The sun climbed its way up the sky as we stoked and breathed our way around the two loop course. I relaxed and enjoyed the rush of water as I sliced through it, zeroing in on the finish arch. I ran on shore, through the arch to the stripper zone … where I laid on the ground while two strong guys yanked my wetsuit off my body. Taking one of their hands, I was once again on my feet moving toward the women’s change tent. Inside, my body began to convulse from the cold. My teeth chattered, and my muscles quivered uncontrollably. From my transition bag, I pulled on the long sleeve shirt I’d brought, knowing I would need it until I dried off. I put on my cycling gear, but because I was still shaking, one of the medical personnel refused to let me go. That’s when I heard one volunteer say, “you come here, honey – we’ll get you warm.”

Two voluptuous women sandwiched me between their bodies to warm me with their body heat. Fifteen minutes later, I was on the bike, pedaling out of town. The breeze kicked up and I again caught a chill, but by mile 20, I began to warm up. By mile 40, I no longer needed my long sleeve shirt, so I threw it away. I hunkered down and pedaled, and the miles passed as I nibbled on pieces of banana, powerbar, and energy gels, while sipping on Accelerade. I worried that my average speed was slow, but realized I was heading straight into the wind – and as luck would have it, the wind shifted all day to remain a head wind through 100 of the 112 miles.

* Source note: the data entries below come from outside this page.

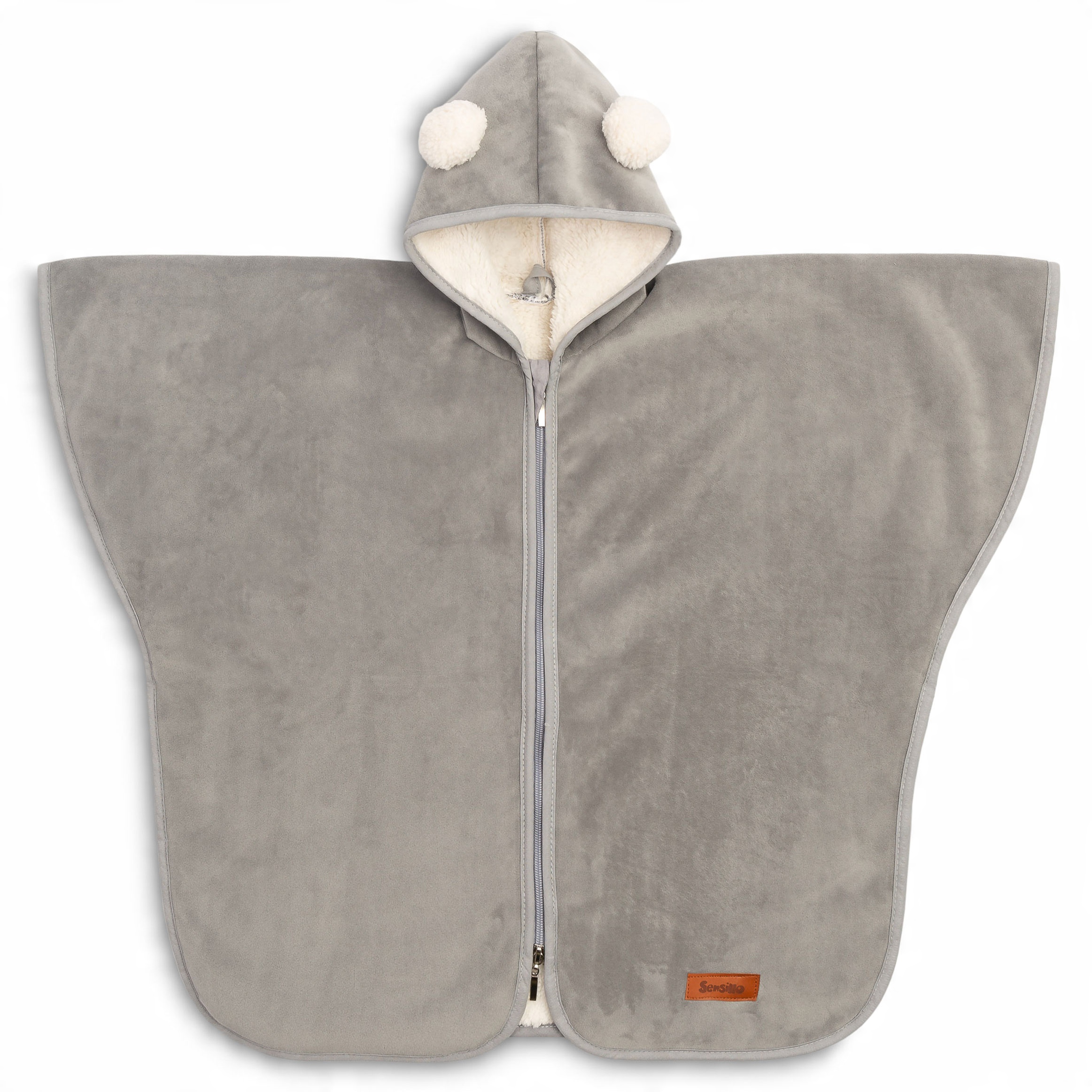 Пончо оснащено двосторонньою блискавкою із захистом від защемлення (у верхній частині пончо) та магнітами під руки, щоб ви могли швидко одягнути пончо та зняти його з дитини.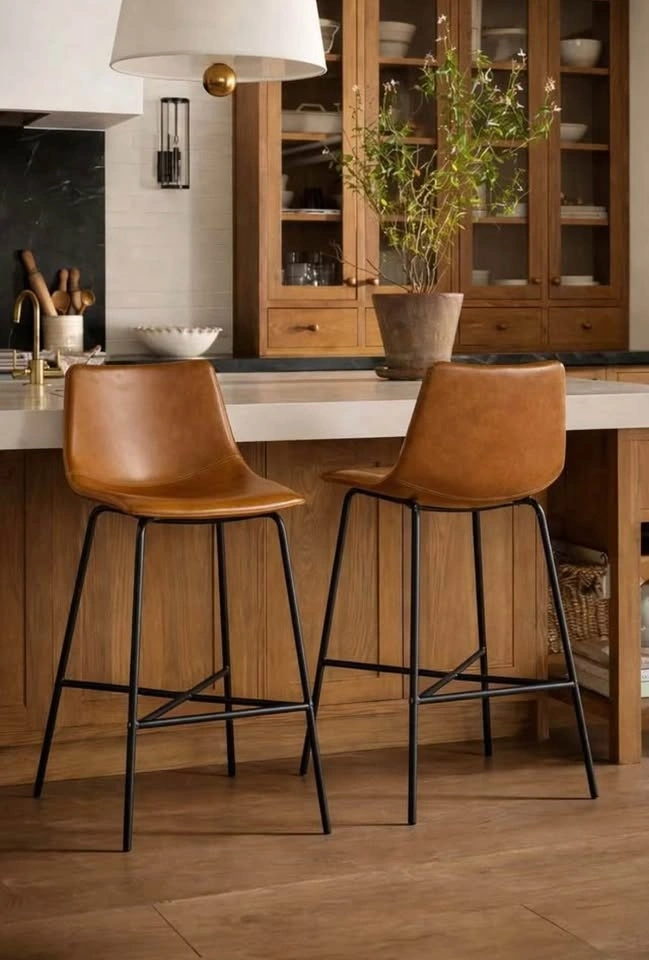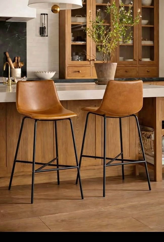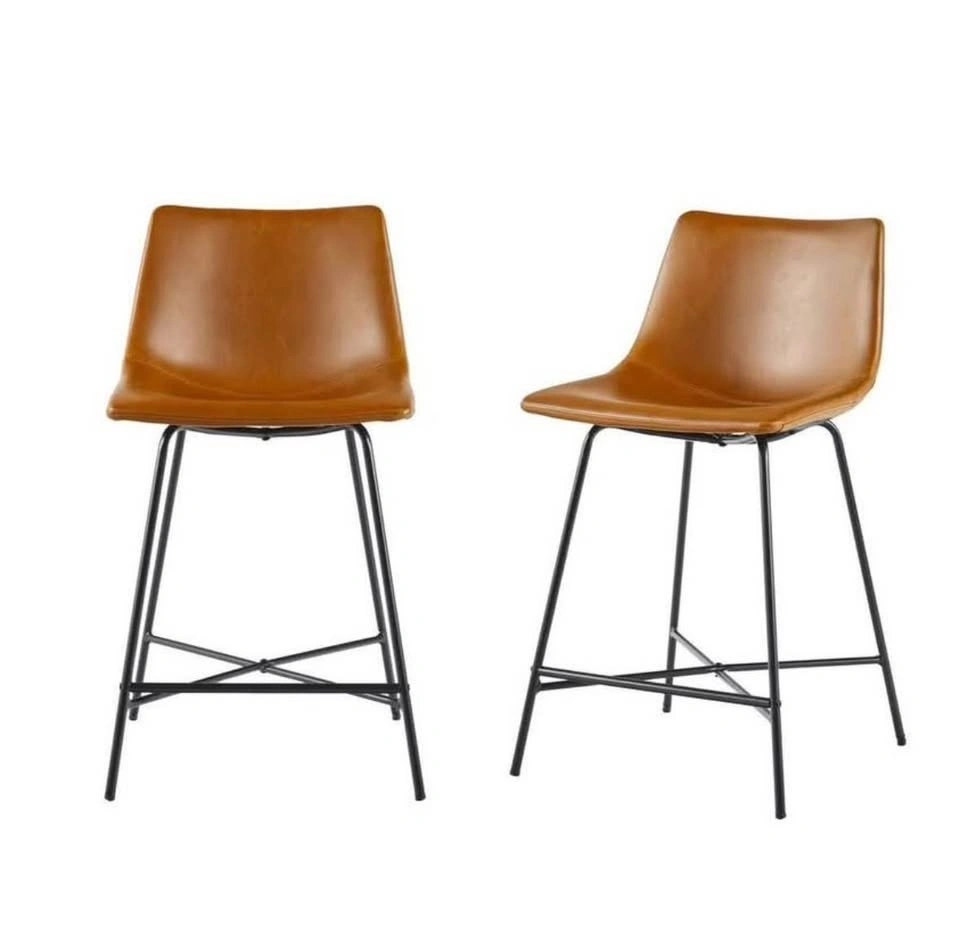Brand new in box set of 2 versatile and ergonomically designed vegan leather counter stools with metal legs. Price is for the set. Dimensions: 33.18''H x 19''W x 18.38''D. Floor to seat: 23.88''. Seat back height: 12.5''. Seat dimensions: 17.5''W x 11.88''D. Seat material: vegan leather, foam fill. Legs: powder coated steel with floor protectors. Pick up can be coordinated in North York, West Scarborough, or Downtown Toronto. Please message with any questions.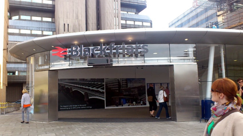 Au-dessus de la Tamise, le pont de la station de transports de Blackfriars est sur le point de devenir le plus grand pont solaire au monde. Près de 4 400 panneaux photovoltaïques, d’une puissance cumulée de 1,1 MW finissent d’être installés sur son toit par la société Solarcentury.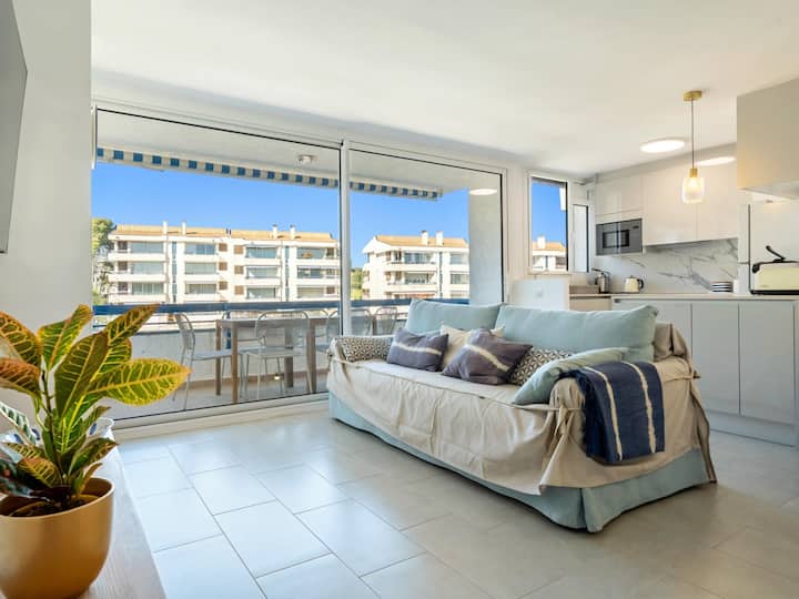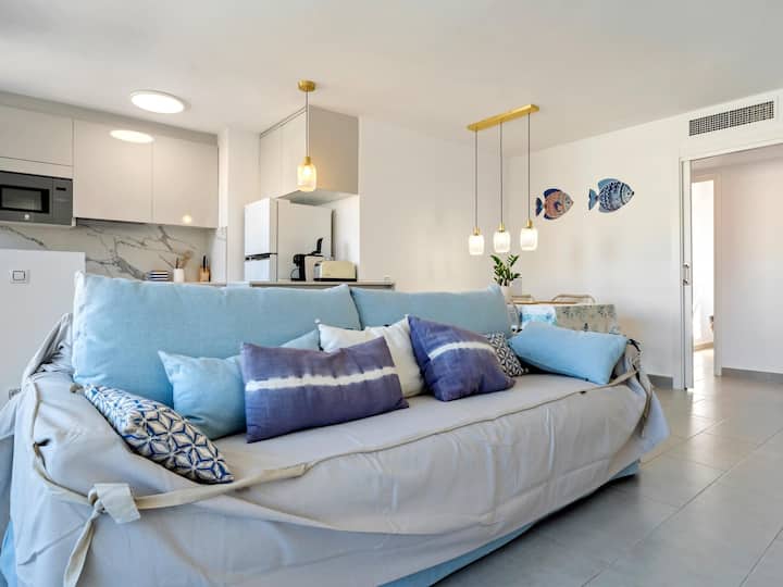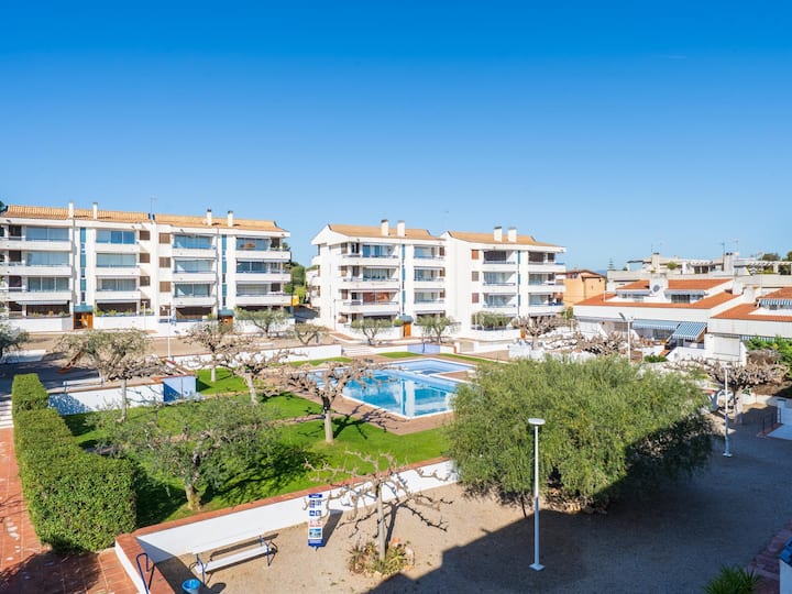شقة على بعد 250 مترًا من الشاطئ مع حمام سباحة وموقف سيارات

Back at the transition, I dismounted from the bike and changed into my running shoes, heading out for the marathon. It took three miles before I found my running legs, but once found, I was able to maintain a run-walk shuffle. I spotted John coming in from his first loop as I approached the four mile mark – we crossed the street, kissed each other, and moved on. I saw him again when I hit mile fourteen, he was coming in for the finish! Again, we shared a kiss. I told him to go back to the room, shower, put on some warm clothes and to meet me back at the finish in about 2.5 hours. The sun had gone back to bed and the temperature dropped, cooling off the night. I resumed my shuffle and smiled my way through the next 12.2 miles. The crowds remained strong, cheering as loudly at 8:30 pm as they had been at 7:00 am this morning. I chatted with other athletes as we continued to move forward, one step at a time, advancing on the finish line. I walked through one aid station with a 73 year old man; this was his 25th Ironman race. The dedication and will permeated from every single racer, no matter what age, how fatigued, or in how much pain we were, we mustered on. It was quite an awesome place to be.With one mile to go, the aches and fatigue vanished and I floated into the finishers chute. Music blared and the spectators remained wild. Everyone lining the chute, held their hands out for high-fives, and I touched each one as I skipped my way through the banner. One volunteer placed the medal around my neck, another wrapped me in a Mylar blanket, and that’s when I saw John.

He was beaming, screaming, “I love you, Irongirl.” My heart swelled and the tears pushed over the edge, flowing down my face. After receiving my finishers’ hat and tee-shirt, I ran for John’s arms and hugged him as tightly as I could. We held each other and cried. I was so proud of him and he was so proud of me, the emotions overwhelmed. Finally we broke apart and slowly wandered back toward the hotel room.

After getting our bikes and gear back to the room, I showered and then we collapsed on the bed – it was 1:00 am on Sunday. John was a ten-time finisher and I was a seven-time finisher. We were exhausted and sore and exhilarated! I closed my eyes and just as I was drifting into sleep, I heard John say, “So, you want to do Western Australia next year?”